Dafür kann man aber nach der Eingewöhnung im Kurvengeschlängel mit dem leichten Racer und diesem spielerischen Handling wie ein junger Hund um die 1000er herumtänzeln – herrlich! Sauber nimmt der Single das Gas an. Auch wenn man spürt, dass ihm etwas der Saft fehlt, dreht er noch freudig oben heraus. Selbst als 790er dürfte er erheblich stressfreier zu bewegen sein als die Armada der 1000er.

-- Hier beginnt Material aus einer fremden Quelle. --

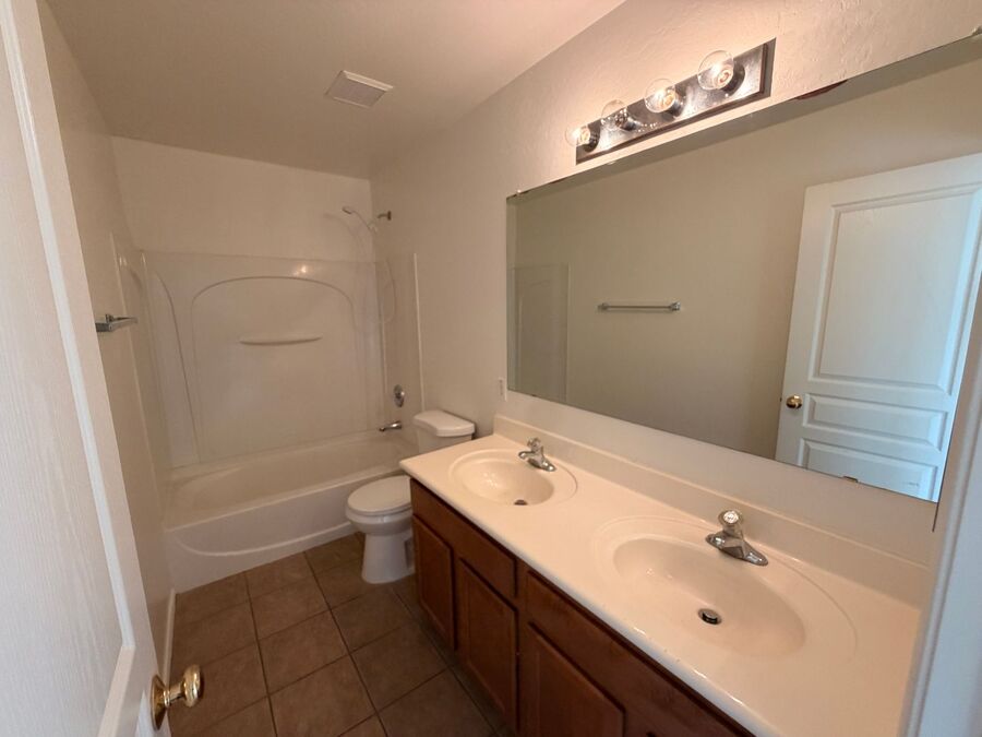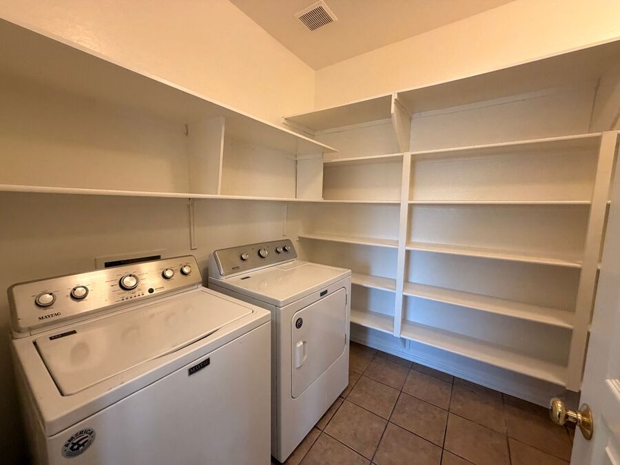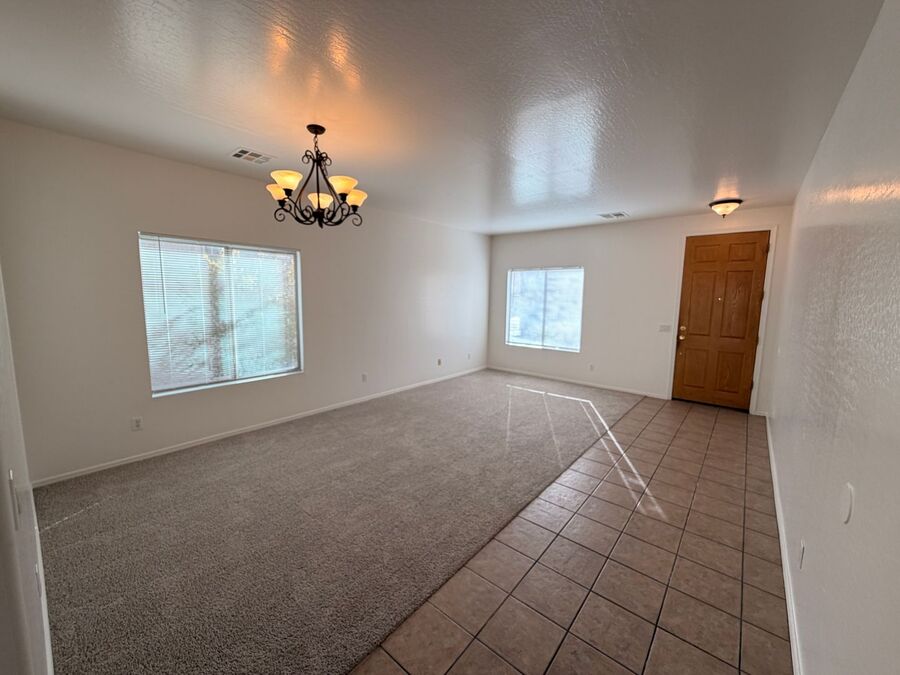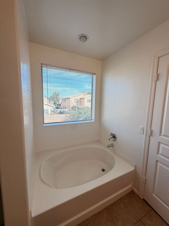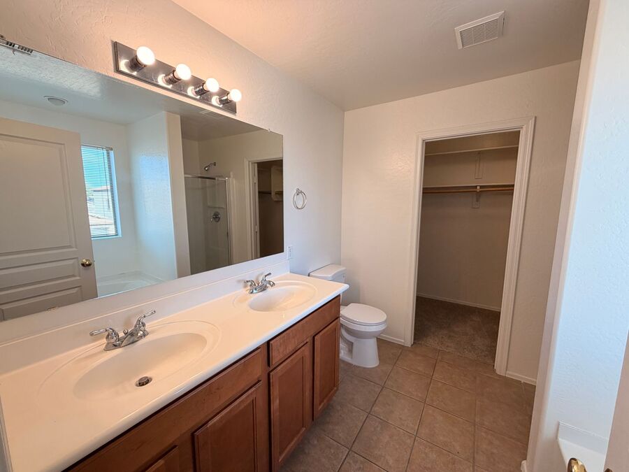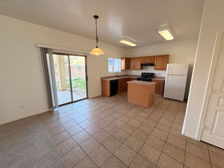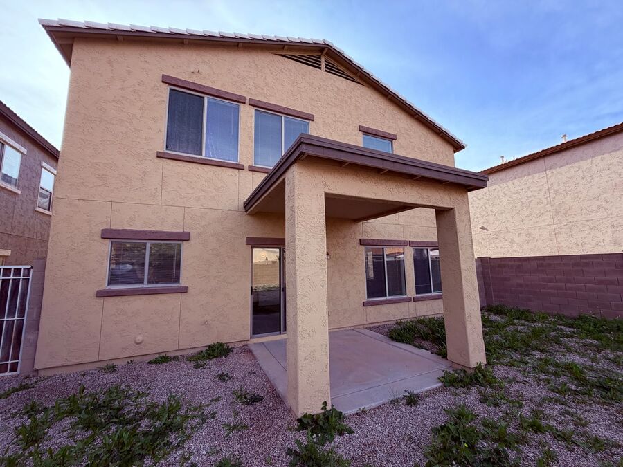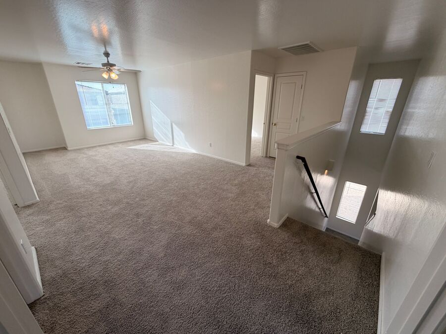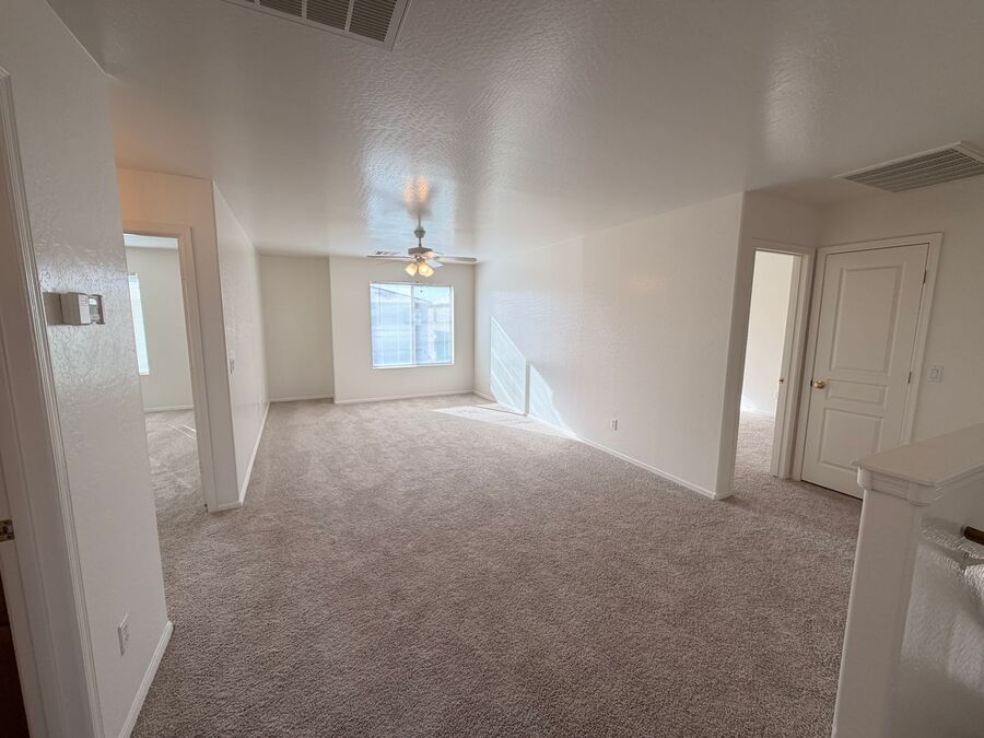 This expansive two-story residence offers three bedrooms and two and a half bathrooms with a thoughtfully designed floor plan that balances functionality and flexibility. Upon entry, you are welcomed by a spacious great room complemented by a separate family room, creating multiple living and entertaining areas. The eat-in kitchen features a center island, plenty cabinet space, and an oversized walk-in pantry with washer and dryer. A half bathroom is also located on the first floor for guests. Upstairs, a versatile loft provides the perfect space for a home office, media room, or play area. The primary suite is generously sized and includes a large walk-in closet and a private bathroom with dual sinks and a separate soaking tub and shower. Secondary bedrooms are well proportioned and share a full bathroom with double sinks. Additional interior features include ceiling fans, window coverings throughout, a mix of carpet and tile flooring. The exterior offers a two-car garage, covered patio for outdoor relaxation, and low-maintenance desert landscaping in both the front and backyard. Home is friendly to a max of two spayed/neutered pets with $350.00 per pet deposit.

Die müssen auf der elsässischen Piste bereits den leichten Rechtsknick der Geraden aufs Fahrerlager zu heftig anbremsen, während die Krämer-HKR-Evo2 mit voll geöffnetem Gas auf den Bremspunkt der folgenden engen Rechts zufliegt und dabei schon ein paar Kollegen aufschnupft.

Ein irres Gefühl – so soll Motorradfahren sein. Wie Fahrradfahren, easy eben, nur viel geiler. Dieses Gefühl möchte Markus gern mehr Leuten zugänglich machen, weshalb er 25 Stück der Krämer-HKR-Evo2 fertigen möchte. Basispreis: 14.990 Euro. Exklusive OZ-Felgen oder Akrapovic-Karbon-Anlage, die gehen extra. Auch als Bausatz will er die Evo2 anbieten, dann kann jeder seinen eigenen Motor reinhängen. So versteht Markus Krämer auch seinen Firmenslogan „Construct your Identity“.

Technische Daten Krämer-HKR-Evo2

Bilski
Leistung an der Kurbelwelle, Messungen auf Dynojet-Rollenprüfstand 250.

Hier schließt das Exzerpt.